Sharing data externally
Once data is integrated within organisations, it is also important for them to share these externally to help develop a more resilient supply chain.
“You’ve got to share information about your product…Having a workflow engine that enables you to provide steps where if there is a fault on the manufacturing line, others will know who to get in touch with or who they need to go through for approvals,” he said.
Boomi also uses data gathered from previous clients to help new ones integrate their systems based on their needs.
“If you’re coming in as customer number 20,000, somebody has done exactly what you want to do before. Why start from scratch? Why reinvent the wheel? Why not leverage what other Boomi users have done before,” Irecki said.
“We facilitate a number of different functions in our product that allows organisations to leverage what others have done,” he added.
Cutting costs with cloud
Apart from helping mitigate supply chain issues, organisations that have moved to integrate their systems through the cloud are also able to save costs, especially in the face of labour shortage.
“With a lot of traditional technologies on-premise, you will need a special skill set or specialist developers which you can’t get today due to changes in the labour forces,” Irecki said.
“To have a tool that a subject matter expert on a specific product or application can use rather than having to use the developer, that’s a big thing,” he added.

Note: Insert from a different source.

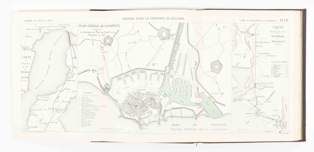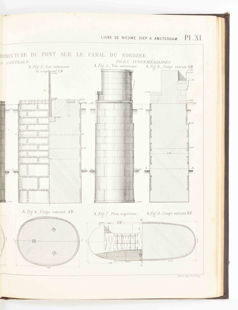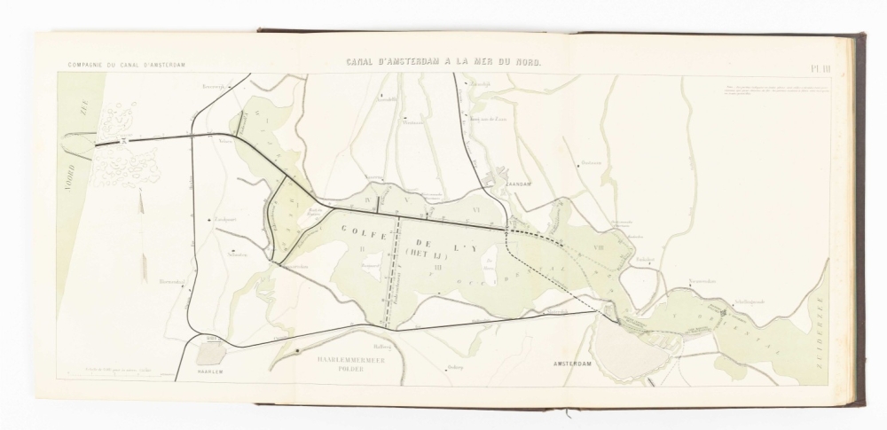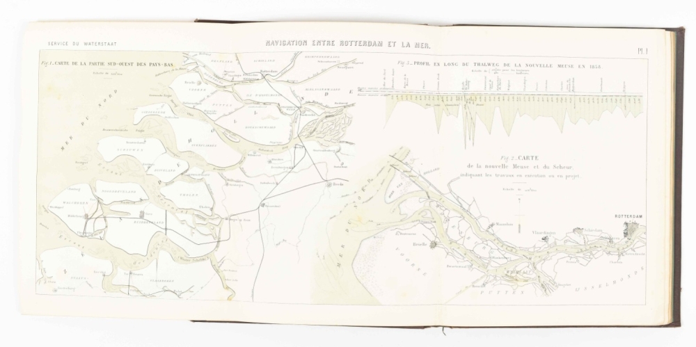 Large folding plates with locks, bridges and other examples of hydraulic engineering related to the navigation of Amsterdam and Rotterdam up to the North Sea as well as several inland examples. Text with occ. sm. brown stains, engravings complete and good.

Irecki said Ampol, an Australian fuel and convenience retailer, is amongst its clients who were able cut their costs following integration. The retailer was able to reduce 30% of its maintenance cost.
“Cloud technologies are becoming more and more the norm around the world and there's good reason for it. You don’t have to worry about installing software on-premise, or having a large development team,” he added.
Irecki said it is no longer a question of whether businesses need to adopt smart technologies like the cloud these days because there’s a need for it.
“The question is, how do we do it? What is the best way? Where do we start?” he said.